“The opposite of addiction is not sobriety. The opposite of addiction is connection.” – Johann Harri
Intro: The Science behind Addiction
Science has discovered that addictive substances essentially “highjack” the brain’s reward system. According to the National Institute on Drug Abuse (NIDA), “drugs are chemicals that affect the brain by tapping into its communication system and interfering with the way neurons normally send, receive and process information.”
Interfering with the way neurons normally send, receive and process information. In other words, drugs alter normal brain function in about every conceivable way.
Physiologically, the chemical makeup of drugs stimulates the brain’s reward system and floods this area with dopamine. Dopamine is an essential brain neurotransmitter – it regulates emotion, motivation, movement, and pleasure. The euphoric feeling that often accompanies drug use is a reinforcement mechanism that often persuades the “user” to repeat the behavior.
A New Way of Looking at Addiction
There are many things that trigger the release of dopamine. One that is not mentioned too often is human connection. For example, when we’re attracted to or in love with someone, our brain releases dopamine in addition to oxytocin – another “feel good” chemical.
Aside from balanced dopamine and other brain chemical levels, proper development and maintenance of neural function in the brain are required for a healthy brain.
Any number of factors can alter this delicate chemical balance and cause unintended consequences, such as addiction.
Putting two and two together, a growing number of medical experts are researching a new way of looking at, and ultimately treating, addictive behaviors.
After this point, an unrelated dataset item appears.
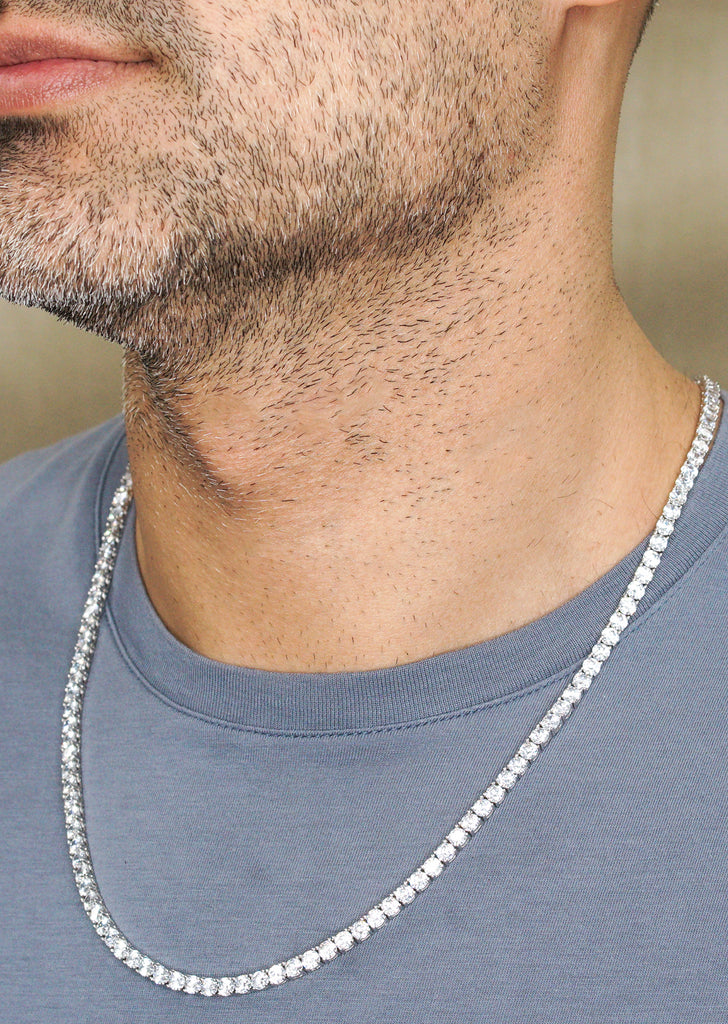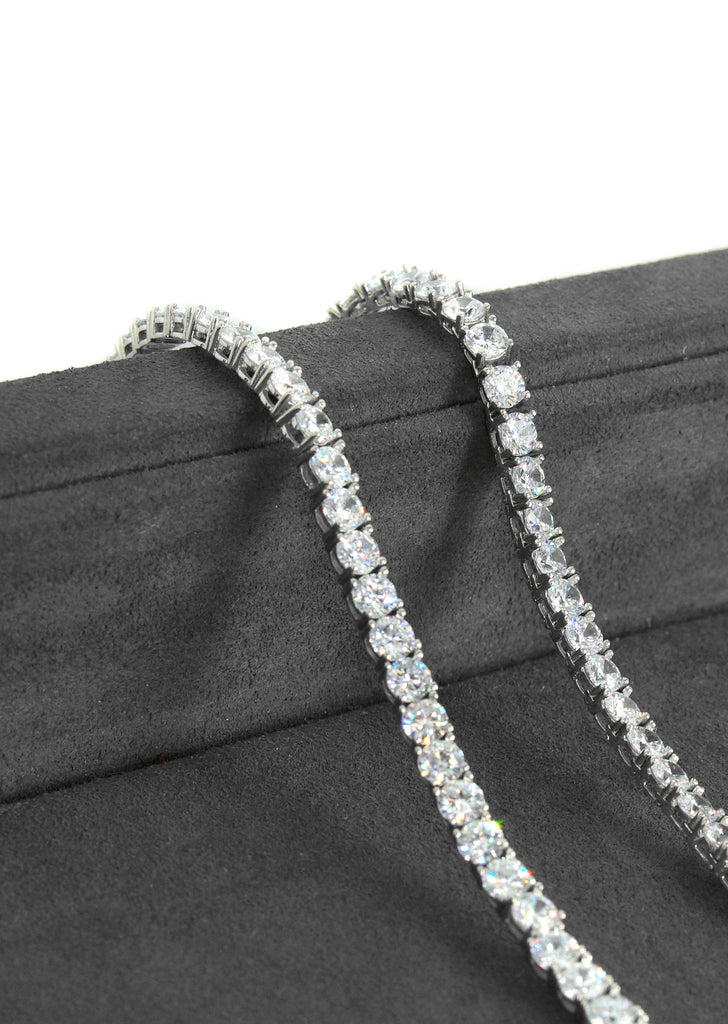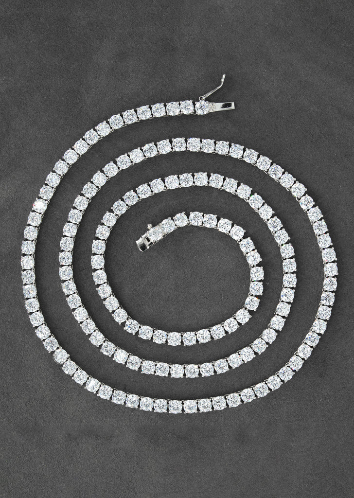 Pure 925 Silver Tennis Chain in 4mm which has been gold bonded over 6 times with Rhodium for premium quality and durability. These chains are fully customizable, so you can pick your length above. Once you select your length, you can see the adjusted gram weight below the price. The chain is also water proof which will provide long lasting wear under any condition.
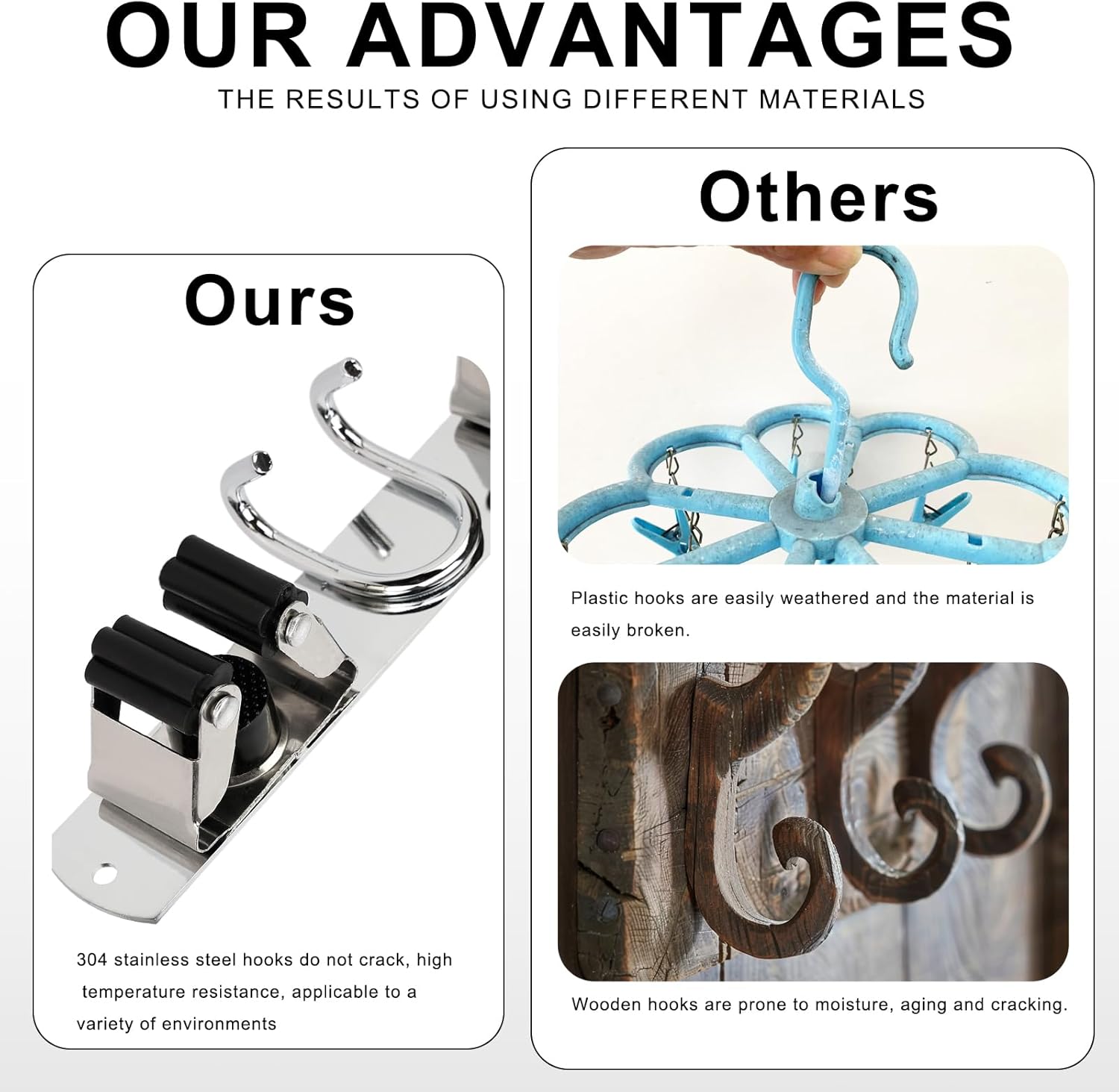 • TOP-NOTCH MATERIALS, SUPERB QUALITY: The Broom Holder wall mount is crafted from top-quality stainless steel that is exceptionally sturdy and long-lasting. There is no need to fret about it breaking or getting damaged. Plus, it won't develop rust even in a damp setting

More specifically, how emotional disturbances, traumatic events, and relationship-oriented factors correlate to addiction.
Optimal Brain Development Requires Connection
In a 2000 book titled A General Theory of Love, three psychiatrists from the University of California, San Francisco examined the neuroscience behind human connection.
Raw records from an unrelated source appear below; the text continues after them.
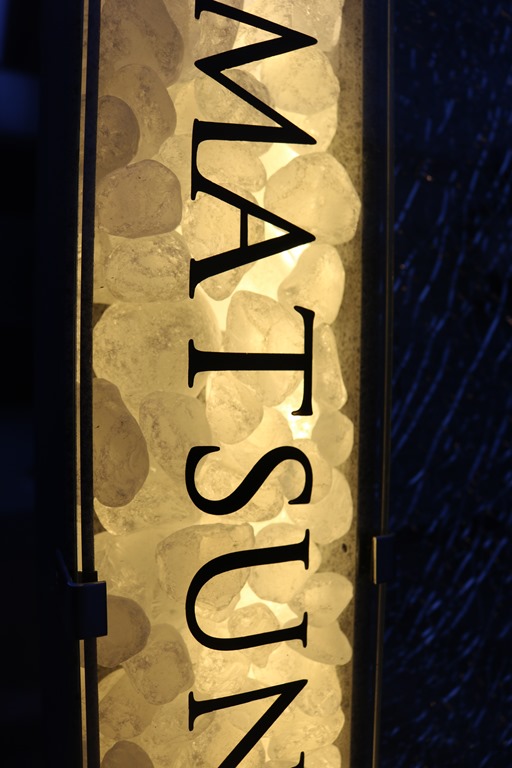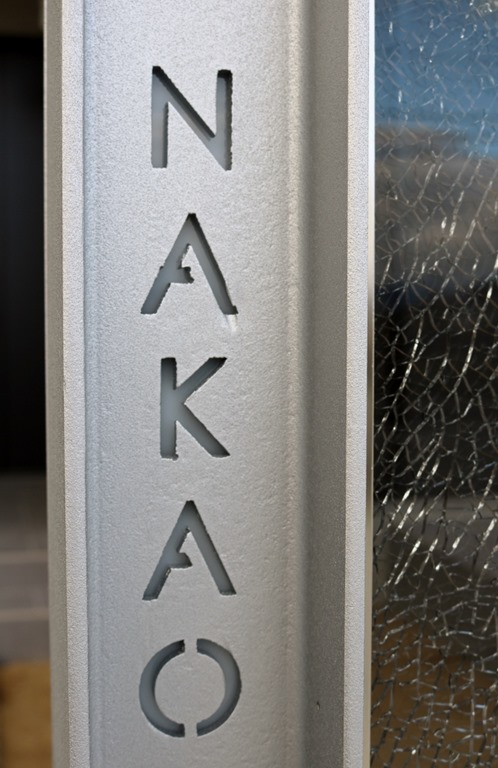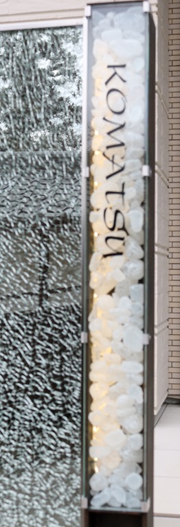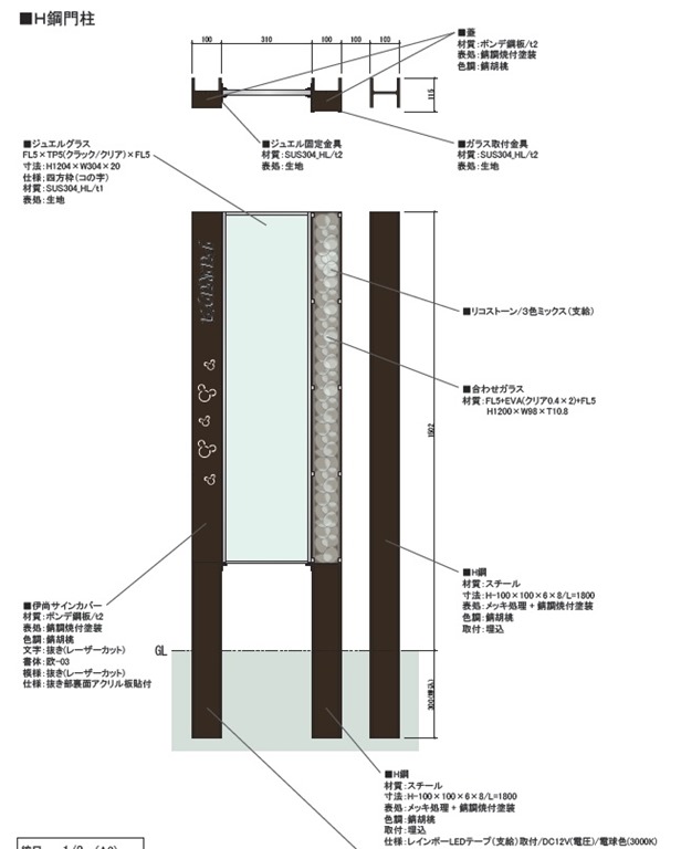 H鋼材に特殊塗装(錆胡桃)を塗装して右側の柱には、同じカラーで塗装した伊尚サインを取り付けデザインはお客様が考えたデザインで作りました。右側の柱には、合わせ硝子で蓋をしてH鋼と合わせ硝子の隙間に当社オリジナルのリコストーンを3色クリア・ブルー・ピンクを混ぜて入れました。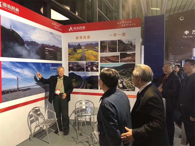 湖南路橋展臺(tái)通過(guò)現(xiàn)場(chǎng)豐富的視頻介紹,背景墻的圖片展示,精彩的文字說(shuō)明,集中向參會(huì)人員展示了集團(tuán)光輝的發(fā)展歷程,形象地介紹了集團(tuán)的宏偉發(fā)展規(guī)劃以及最新成果,可以稱(chēng)得上是會(huì)議的熱門(mén)展廳。展廳吸引了中國(guó)工程院院士王景全等眾多專(zhuān)家和領(lǐng)導(dǎo)駐足,王院士還興致勃勃地向原交通部部領(lǐng)導(dǎo)李盛霖、胡希捷等熱情介紹了矮寨大橋和洞庭湖大橋兩大公司精品工程。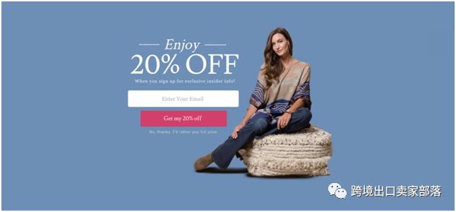 卖家需注意,消费者花费在弹窗上的时间通常非常短暂,所以描述一定要尽量精炼,同时还人要让消费者清楚他们将获得什么,需要采取什么行动来获得福利(提供电子邮件、订阅关注等),以及他们何时会收到福利(每月通讯、即时优惠券代码、电子书等)。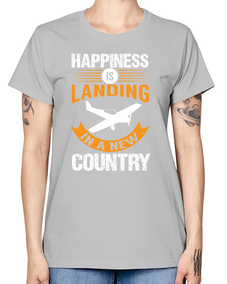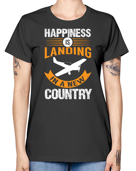 happiness is landing in a new country 16# - airplane- Ladies T-Shirt

Co-authors Dr. Thomas Lewis, Dr. Fari Amini and Dr. Richard Lannon, advanced the idea that human beings require social connections in order to develop an optimally functional brain. Relatedly, the scientists discovered that children raised in a nurturing, loving household acquire an emotional resilience that helps them overcome difficult circumstances later in life; whereas, children not raised in this type of environment are more susceptible to emotional trauma and distress.
Putting the Pieces Together
“Ask not why the addiction, but why the pain.” – Dr. Gabor Mate
Gabor Mate is a world-renown physician in the neurological, psychiatric, and psychological fields of medicine. Dr. Mate also happens to be a highly sought-after speaker on the topic of addiction.
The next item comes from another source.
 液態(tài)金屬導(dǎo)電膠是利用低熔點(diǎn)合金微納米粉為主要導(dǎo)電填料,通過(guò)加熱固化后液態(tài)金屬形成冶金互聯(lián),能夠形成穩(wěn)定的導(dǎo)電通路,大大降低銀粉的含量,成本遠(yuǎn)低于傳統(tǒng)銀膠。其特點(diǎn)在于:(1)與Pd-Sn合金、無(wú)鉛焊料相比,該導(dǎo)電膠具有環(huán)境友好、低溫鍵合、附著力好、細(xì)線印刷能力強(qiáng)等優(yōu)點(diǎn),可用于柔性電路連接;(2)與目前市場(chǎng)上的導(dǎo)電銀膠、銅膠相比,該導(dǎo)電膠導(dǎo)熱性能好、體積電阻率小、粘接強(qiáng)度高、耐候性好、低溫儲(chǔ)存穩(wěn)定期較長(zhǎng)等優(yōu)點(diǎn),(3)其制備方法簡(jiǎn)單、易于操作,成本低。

In his practice, Dr. Mate counsels many individuals with drug addictions. He has observed the strong correlation that exists between childhood trauma – as a result of limited human connection – and the rates of substance abuse. Dr. Mate concludes that the resulting trauma experienced by a substance abuser has rendered them severely deficient when dealing with emotional distress.
Trauma, especially from a severe lack of human connection, often renders one helpless in dealing with emotional stressors. Tragically, these people all too often turn to drugs and alcohol to deal with them.
Finding a Solution to Addiction
Dr. Mate asks drug abusers to “Ask not why the addiction, but why the pain.”
The doctor is adamant that reestablishing human connection is vital to solving any underlying pain in addicts. This can be a difficult step for an addict to take, as it requires the individual to fully confront and feel pain that has accumulated – and, most likely, been avoided – for a number of years.
Related article: 5 Ways to Overcome Any Addiction
And Dr. Mate states that it can’t be done alone, “You have to be with that pain, but you have to have support.” This reestablishing of human bonds is an attempt to change the neural structure (made possible by neuroplasticity) that allows one to be emotionally resilient.
The “simple” solution, then, is to reestablish human connections and to seek help from knowledgeable people. In other words, allowing oneself to receive and give love that has all too often been missing.